Tumor related products shed into the feces offer a potential source of biomarkers for the detection of colorectal cancer (CRC). Using SDS-PAGE followed by nanoflow reversed-phased LC-MS/MS to analyse fecal samples from Apc(Min/+) mice (that develop spontaneous multiple intestinal neoplasia with age) we have identified 336 proteins (115 proteins of murine origin, 201 from fecal bacteria, 18 associated with food intake and 2 of apparent parasitic origin). 75% of the murine proteins identified in this study are predicted to be extracellular or associated with the cell plasma membrane. Of these proteins, a number of the murine homologues of colorectal cancer associated proteins (CCAP) such as hemoglobin, haptoglobin, hemopexin, alpha-2-macroglobulin and cadherin-17 have been identified, demonstrating the potential of fecal proteomics for detecting potential biomarkers and paving the way for subsequent MS/MS based biomarker studies on similar human samples.

PI(3,4,5)P3 Interactome.

Immobilizing chemically synthesized analogues of PI(3,4,5)P3 onto Affi-10 beads and incorporating them into liposomes allowed their use as affinity absorbents in the comprehensive analysis of the phosphoinositide interactome using cytosolic cell extracts of the LIM1215 colon cancer cell line. This led to the identification of 282 proteins that either interact with PI(3,4,5)P3 or are indirectly captured as part of a complex containing a PI(3,4,5)P3 binding partner. Identification of the proteins was achieved using affinity/LC-MS/MS experiments.

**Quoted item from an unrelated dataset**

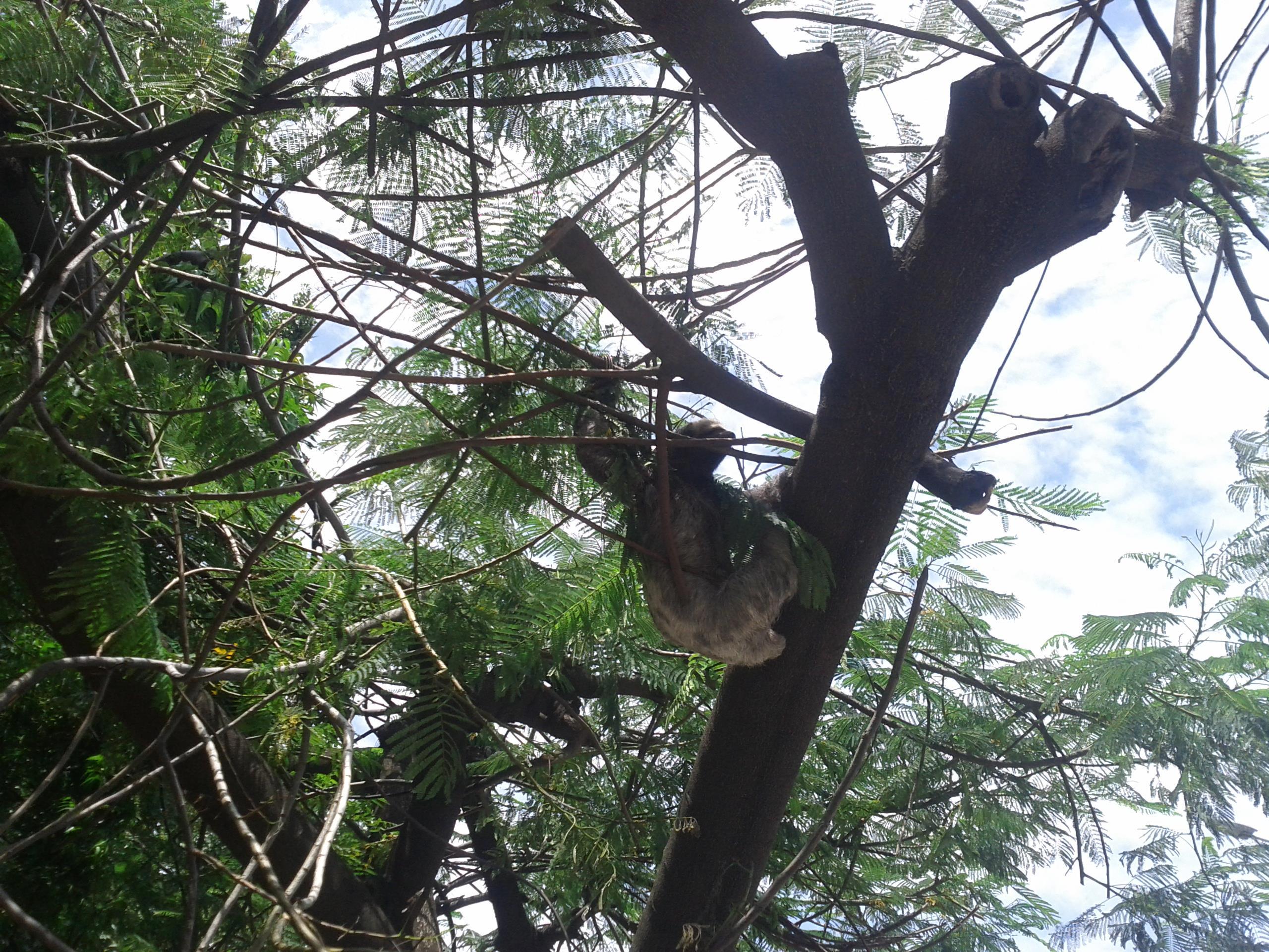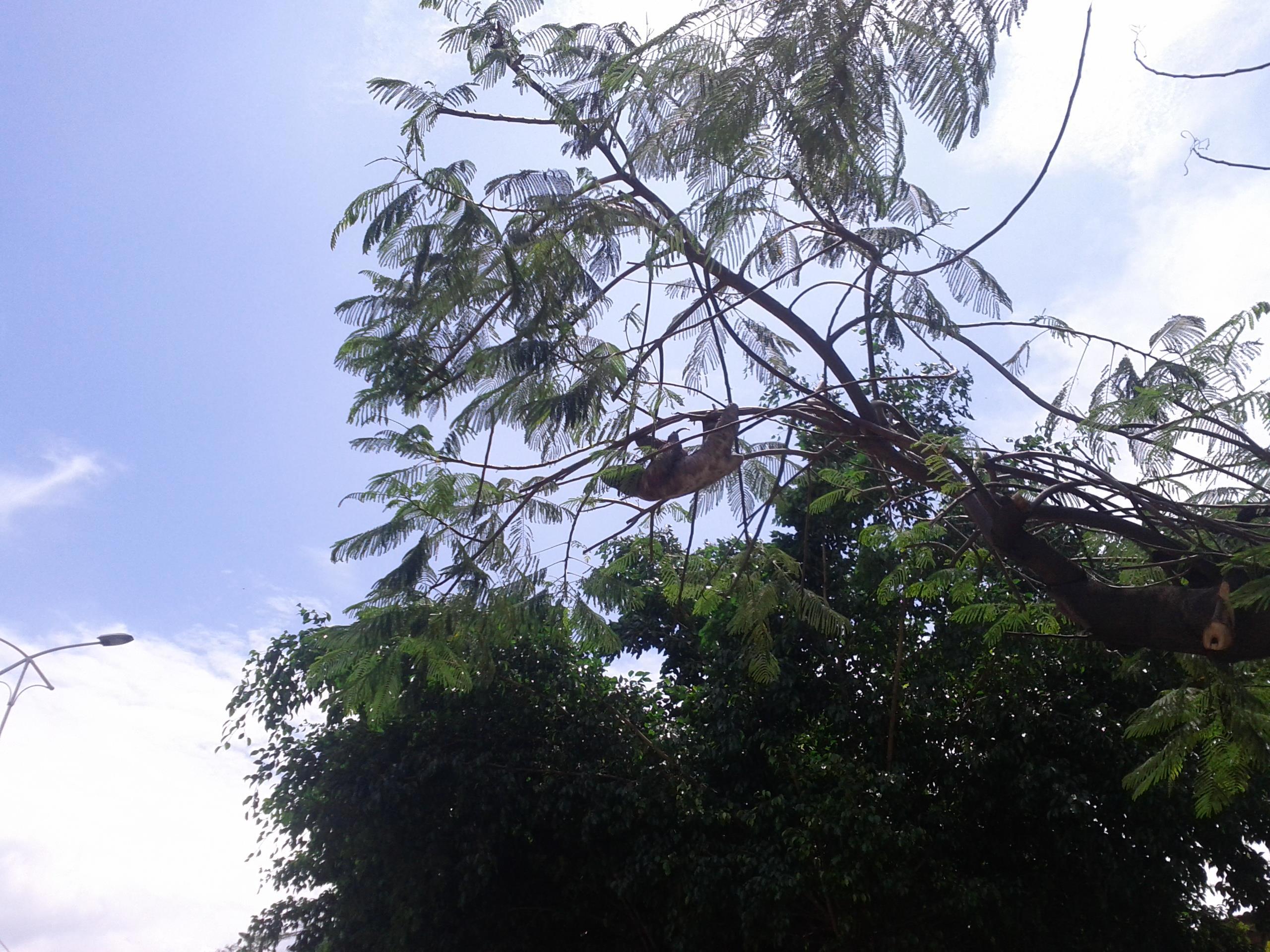 Это чудо-юдо - ленивец. И он просто живет в городском парке, иногда швыряясь ветками в кого бог пошлет. :) Собственно, так его и получилось заснять.
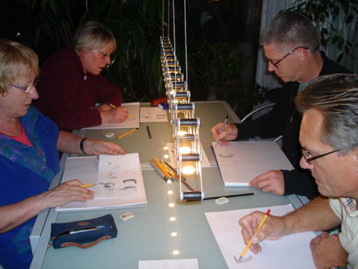 Najaar 2007 is een nieuwe schildergroep gestart. Op de foto zijn een aantal deelnemers druk met de tulpen die met oliekrijt worden ingevuld. Eerst beginnen we met: hoe schets je een tulp.

The PI(3,5)P2 and PI(4,5)P2 interactomes.

A comprehensive analysis of the phosphoinositide interactome has been performed using analogues of PI(3,5)P2 and PI(4,5)P2 phosphatidyl phospholipids which were immobilized onto Affi-10 beads or incorporated into liposomes for use as affinity absorbents with cytosolic extracts from colonic carcinoma cell lines. Affinity/LC/MS/MS experiments allowed identification of 388 proteins/protein complexes that appeared to interact specifically with the phosphoinositide targets: a number of novel potential phosphoinositide interacting proteins have been identified.